**Assigned task**
For this exercise, retype the lines from the one that holds "[½Åµ¿¾Æ¹æ¼Û=ÃÖ¿ëÀϱâÀÚ] Àü³² ÇÔÆò±ºÀº" through the one that holds "Estos tenis para" in the records below, both included, exactly and without pictures.
Working data START
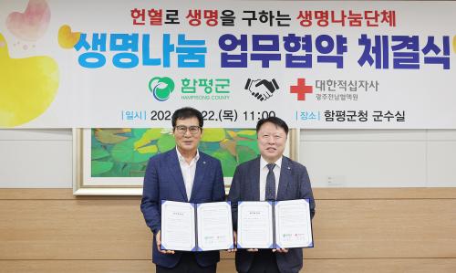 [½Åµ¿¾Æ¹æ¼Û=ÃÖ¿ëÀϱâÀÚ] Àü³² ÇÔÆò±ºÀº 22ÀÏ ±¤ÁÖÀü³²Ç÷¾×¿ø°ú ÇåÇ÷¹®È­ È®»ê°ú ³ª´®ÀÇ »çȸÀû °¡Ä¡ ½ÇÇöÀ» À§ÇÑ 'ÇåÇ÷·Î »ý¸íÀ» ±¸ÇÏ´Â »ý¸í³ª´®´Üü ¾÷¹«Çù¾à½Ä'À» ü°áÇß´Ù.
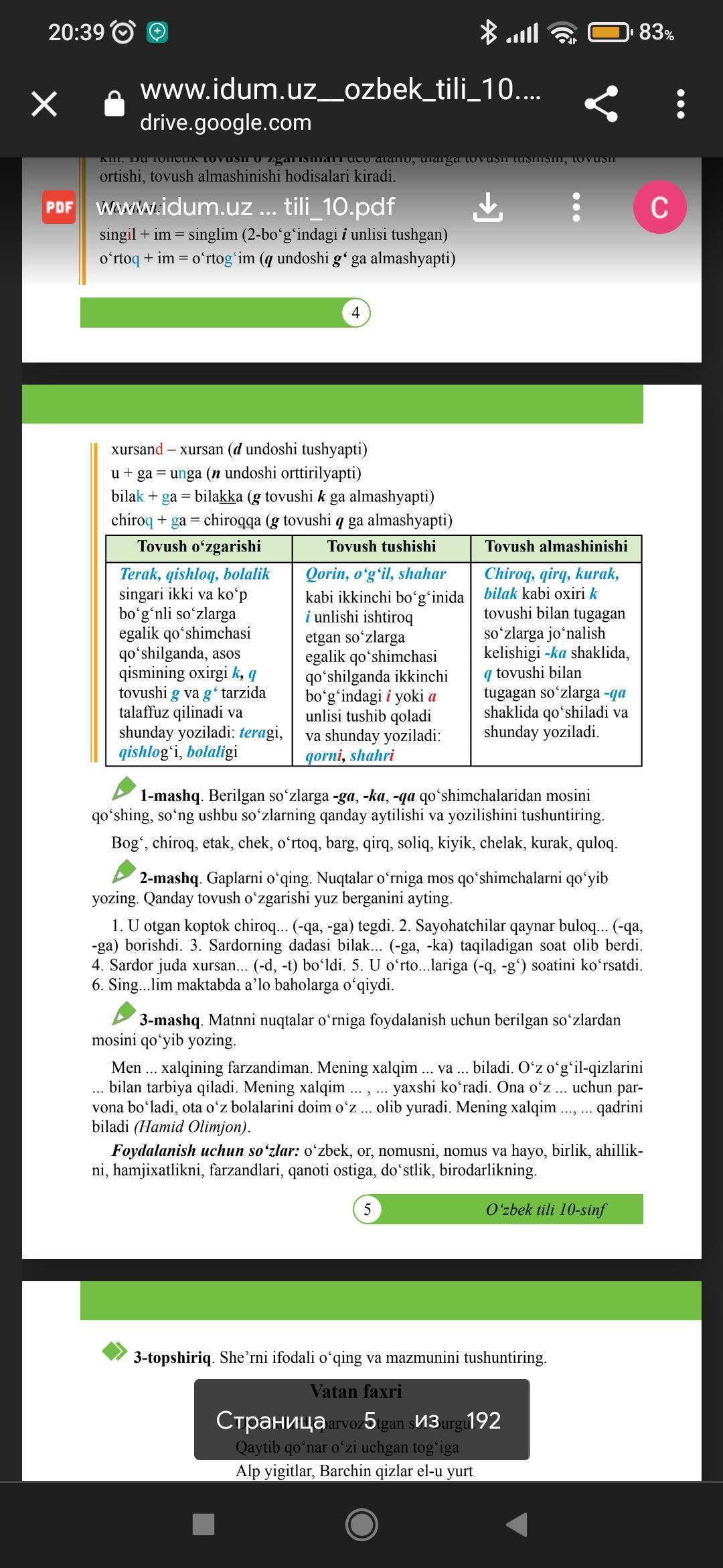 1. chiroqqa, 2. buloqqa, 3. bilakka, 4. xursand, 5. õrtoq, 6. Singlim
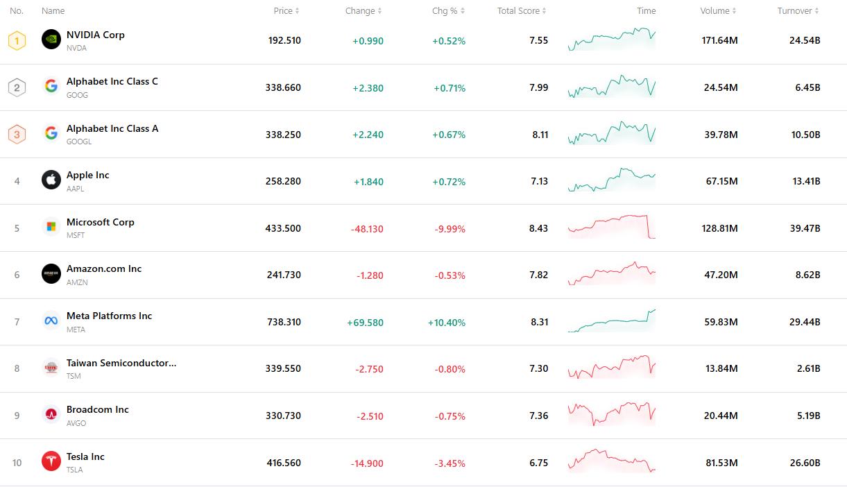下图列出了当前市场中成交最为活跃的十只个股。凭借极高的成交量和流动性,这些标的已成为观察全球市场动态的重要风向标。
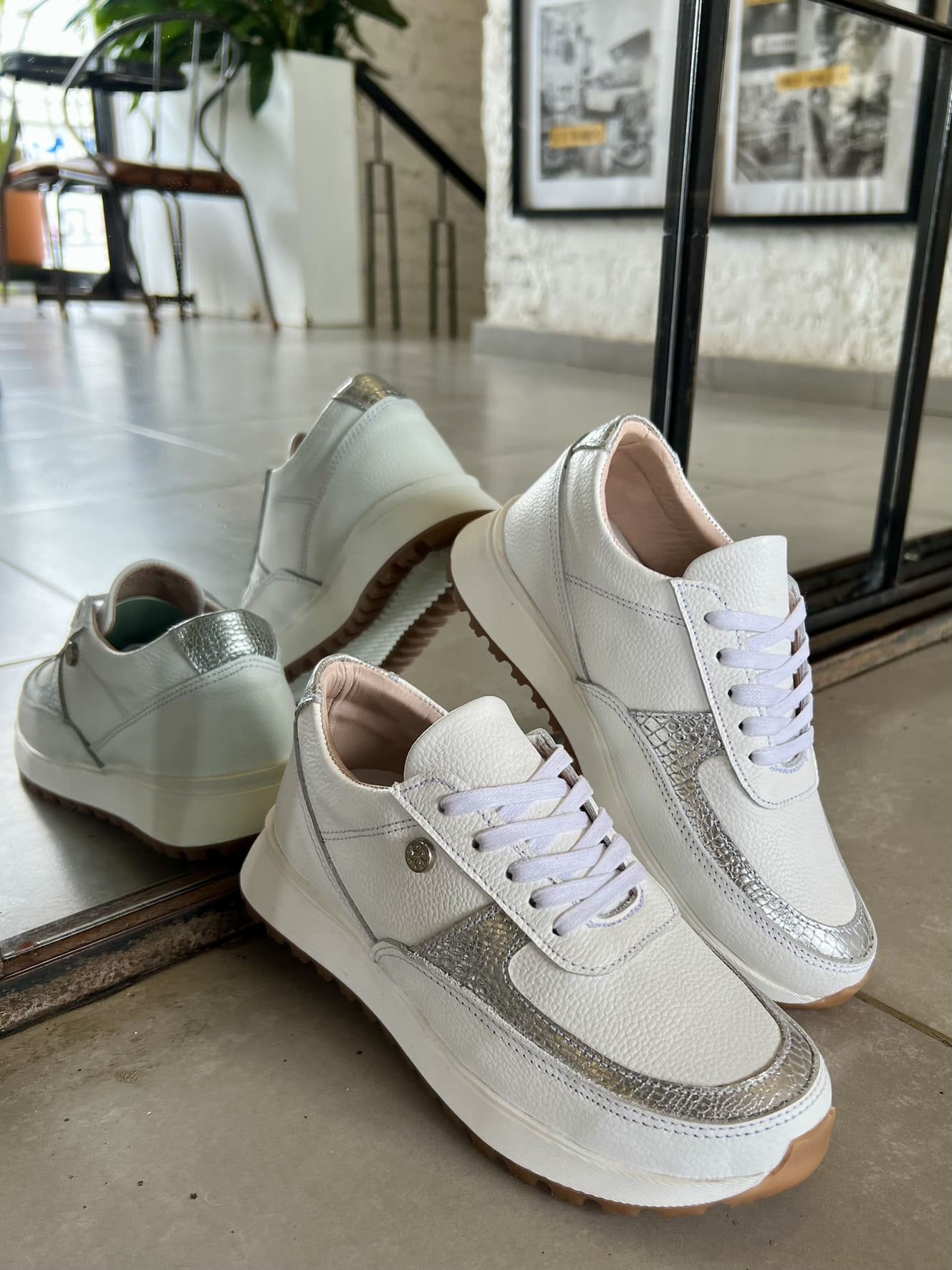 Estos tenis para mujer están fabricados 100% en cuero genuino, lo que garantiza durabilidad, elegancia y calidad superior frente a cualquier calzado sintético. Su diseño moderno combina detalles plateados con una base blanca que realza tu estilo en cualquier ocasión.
Working data END
Working data START
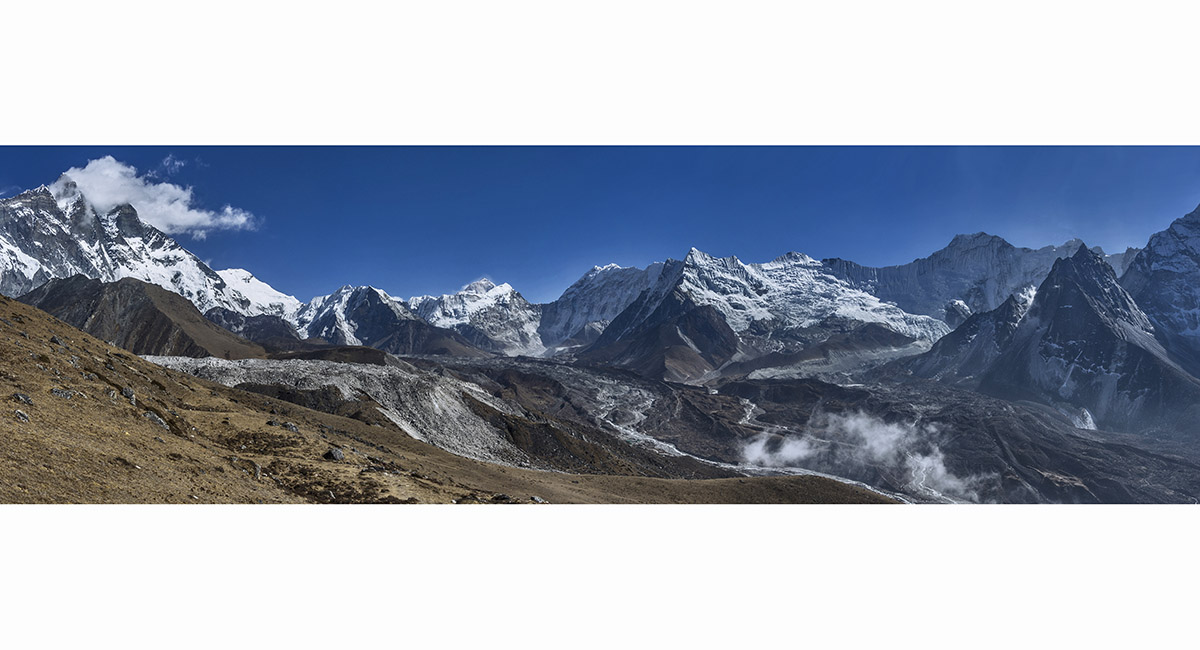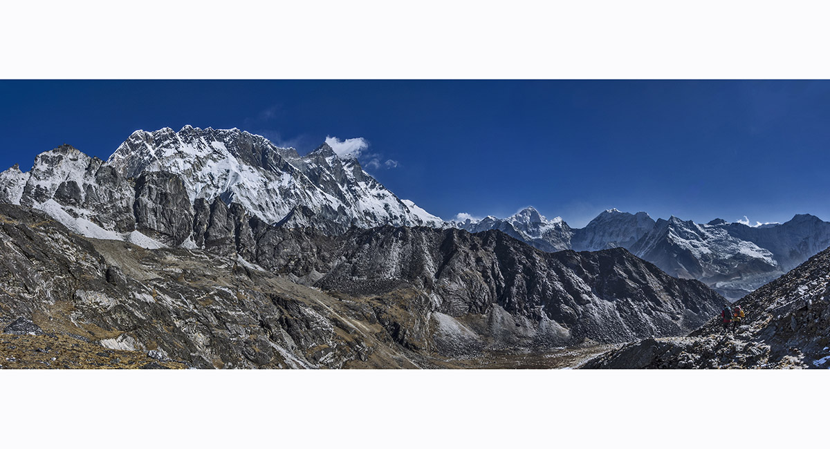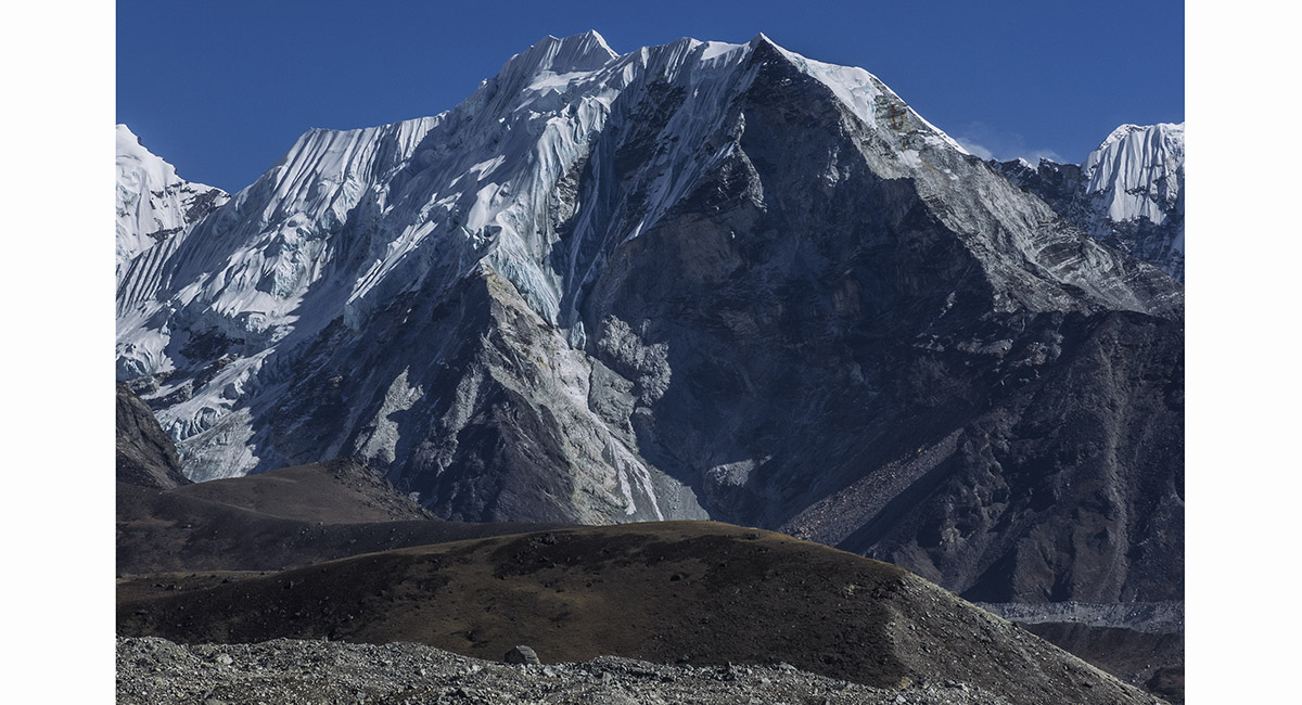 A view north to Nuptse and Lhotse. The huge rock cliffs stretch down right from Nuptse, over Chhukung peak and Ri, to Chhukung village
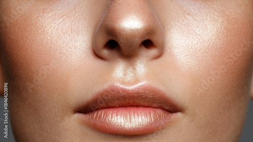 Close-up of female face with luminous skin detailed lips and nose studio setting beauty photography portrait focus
Working data END
Working data START
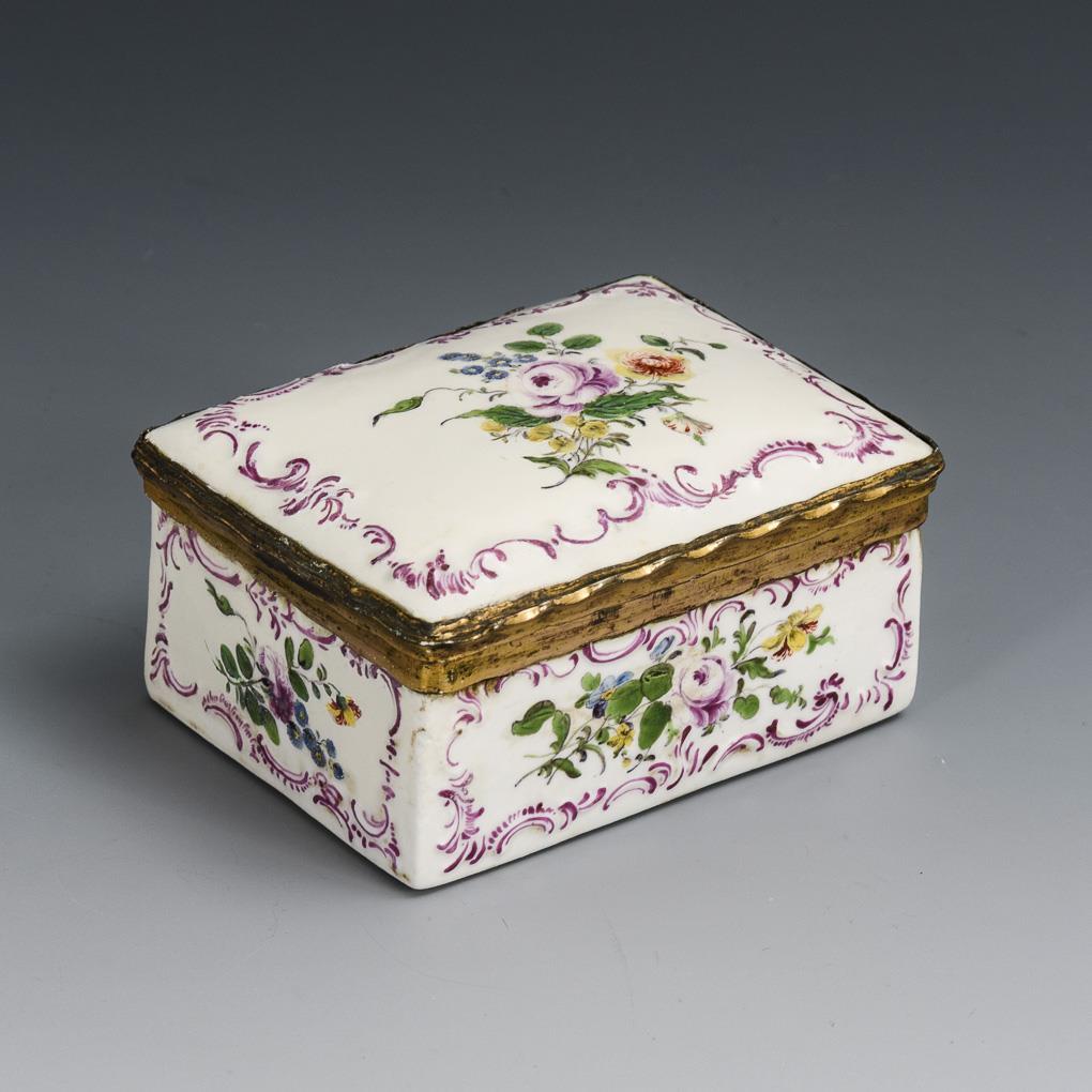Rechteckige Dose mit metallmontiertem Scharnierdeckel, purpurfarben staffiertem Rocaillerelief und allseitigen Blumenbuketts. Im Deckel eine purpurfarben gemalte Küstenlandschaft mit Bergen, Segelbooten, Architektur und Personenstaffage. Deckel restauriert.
Working data END
**The answer**
 [½Åµ¿¾Æ¹æ¼Û=ÃÖ¿ëÀϱâÀÚ] Àü³² ÇÔÆò±ºÀº 22ÀÏ ±¤ÁÖÀü³²Ç÷¾×¿ø°ú ÇåÇ÷¹®È­ È®»ê°ú ³ª´®ÀÇ »çȸÀû °¡Ä¡ ½ÇÇöÀ» À§ÇÑ 'ÇåÇ÷·Î »ý¸íÀ» ±¸ÇÏ´Â »ý¸í³ª´®´Üü ¾÷¹«Çù¾à½Ä'À» ü°áÇß´Ù.
 1. chiroqqa, 2. buloqqa, 3. bilakka, 4. xursand, 5. õrtoq, 6. Singlim
下图列出了当前市场中成交最为活跃的十只个股。凭借极高的成交量和流动性,这些标的已成为观察全球市场动态的重要风向标。
 Estos tenis para mujer están fabricados 100% en cuero genuino, lo que garantiza durabilidad, elegancia y calidad superior frente a cualquier calzado sintético. Su diseño moderno combina detalles plateados con una base blanca que realza tu estilo en cualquier ocasión.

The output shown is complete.